**Requirement**
Please take the lines from the one holding "El puzle i el" through the one holding "Elevate your style" in the data below and copy them exactly.

(Source data begins)

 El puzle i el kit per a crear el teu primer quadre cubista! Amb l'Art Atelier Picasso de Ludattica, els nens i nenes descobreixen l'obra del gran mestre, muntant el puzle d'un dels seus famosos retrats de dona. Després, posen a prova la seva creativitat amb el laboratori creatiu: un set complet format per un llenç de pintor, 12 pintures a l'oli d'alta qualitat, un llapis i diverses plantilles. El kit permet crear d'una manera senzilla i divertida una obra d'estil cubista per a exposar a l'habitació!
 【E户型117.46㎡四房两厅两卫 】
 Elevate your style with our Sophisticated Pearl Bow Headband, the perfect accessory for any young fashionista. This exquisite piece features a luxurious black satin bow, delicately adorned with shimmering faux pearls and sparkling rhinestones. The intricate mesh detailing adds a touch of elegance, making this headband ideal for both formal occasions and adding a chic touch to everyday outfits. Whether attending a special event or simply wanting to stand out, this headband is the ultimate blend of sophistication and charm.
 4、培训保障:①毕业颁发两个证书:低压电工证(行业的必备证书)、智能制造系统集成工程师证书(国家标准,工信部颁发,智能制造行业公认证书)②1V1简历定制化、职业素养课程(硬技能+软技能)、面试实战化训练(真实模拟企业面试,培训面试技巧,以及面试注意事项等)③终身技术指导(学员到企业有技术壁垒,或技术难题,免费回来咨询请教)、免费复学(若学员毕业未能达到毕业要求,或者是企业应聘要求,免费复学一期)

(Source data ends)
(Source data begins)

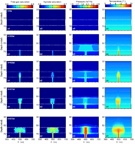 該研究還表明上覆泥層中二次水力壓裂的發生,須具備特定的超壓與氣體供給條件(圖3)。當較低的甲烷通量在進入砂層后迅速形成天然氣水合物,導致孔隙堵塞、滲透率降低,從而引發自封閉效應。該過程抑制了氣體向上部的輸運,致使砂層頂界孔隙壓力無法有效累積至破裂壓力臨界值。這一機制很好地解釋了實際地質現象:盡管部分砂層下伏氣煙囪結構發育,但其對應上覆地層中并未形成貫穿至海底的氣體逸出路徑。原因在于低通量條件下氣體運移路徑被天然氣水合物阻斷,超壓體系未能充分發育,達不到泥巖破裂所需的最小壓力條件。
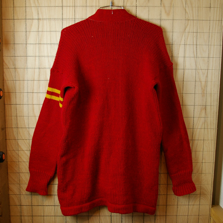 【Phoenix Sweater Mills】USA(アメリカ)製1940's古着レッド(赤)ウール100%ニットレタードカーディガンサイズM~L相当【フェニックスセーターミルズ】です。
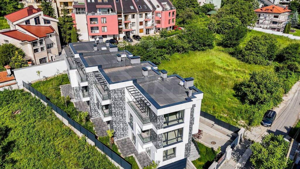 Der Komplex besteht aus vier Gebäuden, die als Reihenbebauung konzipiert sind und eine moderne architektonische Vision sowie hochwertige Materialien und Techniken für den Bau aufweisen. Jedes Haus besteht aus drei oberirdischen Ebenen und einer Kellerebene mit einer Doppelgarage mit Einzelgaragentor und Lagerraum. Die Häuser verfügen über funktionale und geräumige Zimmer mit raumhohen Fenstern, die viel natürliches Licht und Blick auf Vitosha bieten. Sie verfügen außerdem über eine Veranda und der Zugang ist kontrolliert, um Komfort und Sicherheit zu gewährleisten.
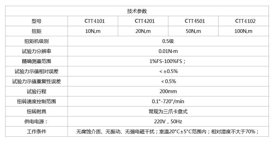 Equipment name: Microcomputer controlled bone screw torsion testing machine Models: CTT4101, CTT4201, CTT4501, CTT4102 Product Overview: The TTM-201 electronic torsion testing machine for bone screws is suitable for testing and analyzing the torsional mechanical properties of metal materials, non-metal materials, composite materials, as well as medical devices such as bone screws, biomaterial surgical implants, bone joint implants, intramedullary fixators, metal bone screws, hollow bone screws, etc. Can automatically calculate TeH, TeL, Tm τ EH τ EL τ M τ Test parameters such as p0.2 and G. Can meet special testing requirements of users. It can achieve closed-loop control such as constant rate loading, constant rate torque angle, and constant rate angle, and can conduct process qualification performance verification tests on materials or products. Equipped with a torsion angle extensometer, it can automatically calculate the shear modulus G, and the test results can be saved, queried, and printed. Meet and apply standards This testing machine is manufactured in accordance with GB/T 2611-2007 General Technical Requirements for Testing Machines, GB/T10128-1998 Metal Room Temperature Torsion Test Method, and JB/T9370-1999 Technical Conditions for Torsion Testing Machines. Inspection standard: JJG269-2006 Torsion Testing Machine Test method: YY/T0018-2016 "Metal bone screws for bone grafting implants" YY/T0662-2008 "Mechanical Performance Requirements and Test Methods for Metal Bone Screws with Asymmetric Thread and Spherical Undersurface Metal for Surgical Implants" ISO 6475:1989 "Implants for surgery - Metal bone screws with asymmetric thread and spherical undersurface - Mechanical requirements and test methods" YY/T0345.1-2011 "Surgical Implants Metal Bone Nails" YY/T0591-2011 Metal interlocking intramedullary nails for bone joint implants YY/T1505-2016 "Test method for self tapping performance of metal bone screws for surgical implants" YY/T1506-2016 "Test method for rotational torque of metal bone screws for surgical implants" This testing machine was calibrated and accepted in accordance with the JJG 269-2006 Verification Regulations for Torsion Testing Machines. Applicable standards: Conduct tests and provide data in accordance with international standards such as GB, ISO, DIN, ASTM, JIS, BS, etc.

(Source data ends)

**Result of the task**
 El puzle i el kit per a crear el teu primer quadre cubista! Amb l'Art Atelier Picasso de Ludattica, els nens i nenes descobreixen l'obra del gran mestre, muntant el puzle d'un dels seus famosos retrats de dona. Després, posen a prova la seva creativitat amb el laboratori creatiu: un set complet format per un llenç de pintor, 12 pintures a l'oli d'alta qualitat, un llapis i diverses plantilles. El kit permet crear d'una manera senzilla i divertida una obra d'estil cubista per a exposar a l'habitació!
 【E户型117.46㎡四房两厅两卫 】
 Elevate your style with our Sophisticated Pearl Bow Headband, the perfect accessory for any young fashionista. This exquisite piece features a luxurious black satin bow, delicately adorned with shimmering faux pearls and sparkling rhinestones. The intricate mesh detailing adds a touch of elegance, making this headband ideal for both formal occasions and adding a chic touch to everyday outfits. Whether attending a special event or simply wanting to stand out, this headband is the ultimate blend of sophistication and charm.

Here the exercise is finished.